▶ **TASK PROMPT**
Transcribe the line holding "Suomen Sokeri Oy" together with every line after it, through the end of the records, exactly and with no pictures.
─── MATERIAL PROVIDED ───
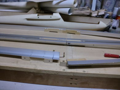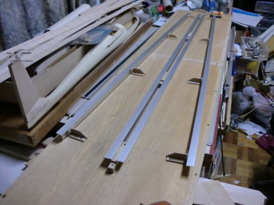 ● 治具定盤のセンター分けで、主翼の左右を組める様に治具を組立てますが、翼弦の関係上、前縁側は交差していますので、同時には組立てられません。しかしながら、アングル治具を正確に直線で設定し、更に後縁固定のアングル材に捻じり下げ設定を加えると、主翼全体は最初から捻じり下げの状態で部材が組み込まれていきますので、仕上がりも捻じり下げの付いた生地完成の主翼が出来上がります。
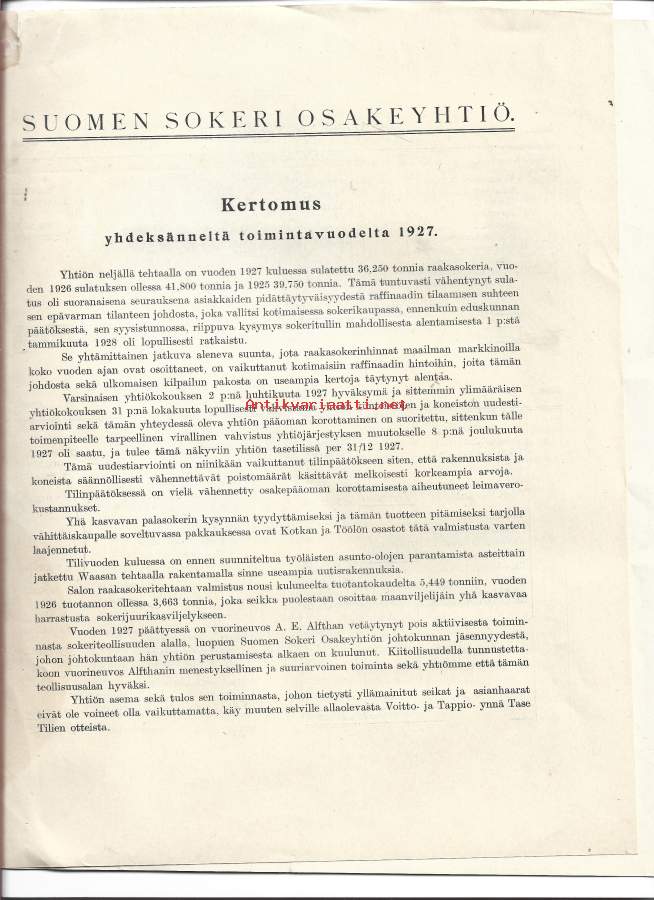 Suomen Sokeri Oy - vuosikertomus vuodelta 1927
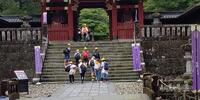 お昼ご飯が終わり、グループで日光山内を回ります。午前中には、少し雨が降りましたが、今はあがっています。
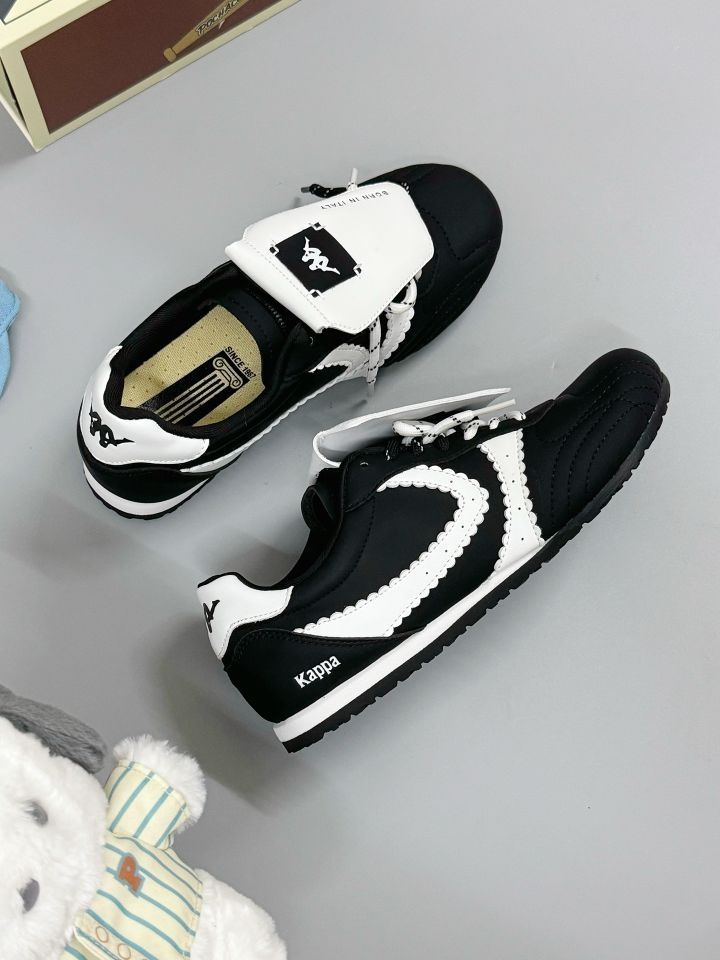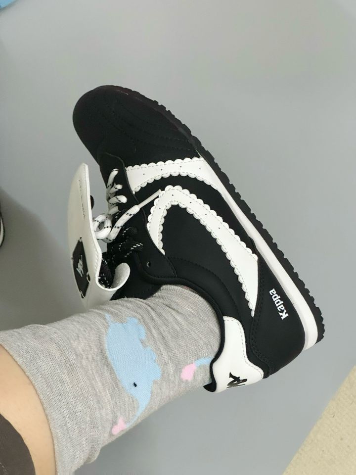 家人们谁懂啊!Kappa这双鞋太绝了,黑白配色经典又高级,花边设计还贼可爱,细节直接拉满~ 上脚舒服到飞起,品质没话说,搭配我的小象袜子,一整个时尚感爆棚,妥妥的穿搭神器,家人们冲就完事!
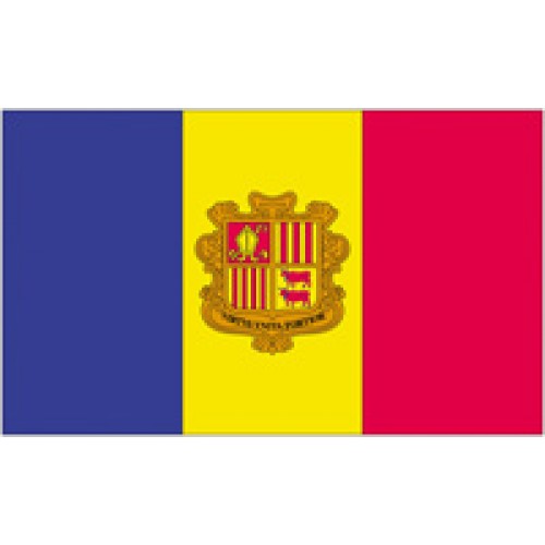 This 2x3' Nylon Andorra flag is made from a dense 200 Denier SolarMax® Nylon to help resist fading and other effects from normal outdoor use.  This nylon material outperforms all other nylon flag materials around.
───
▶ **ANSWER FOR THIS EXERCISE**
 Suomen Sokeri Oy - vuosikertomus vuodelta 1927
 お昼ご飯が終わり、グループで日光山内を回ります。午前中には、少し雨が降りましたが、今はあがっています。
 家人们谁懂啊!Kappa这双鞋太绝了,黑白配色经典又高级,花边设计还贼可爱,细节直接拉满~ 上脚舒服到飞起,品质没话说,搭配我的小象袜子,一整个时尚感爆棚,妥妥的穿搭神器,家人们冲就完事!
 This 2x3' Nylon Andorra flag is made from a dense 200 Denier SolarMax® Nylon to help resist fading and other effects from normal outdoor use.  This nylon material outperforms all other nylon flag materials around.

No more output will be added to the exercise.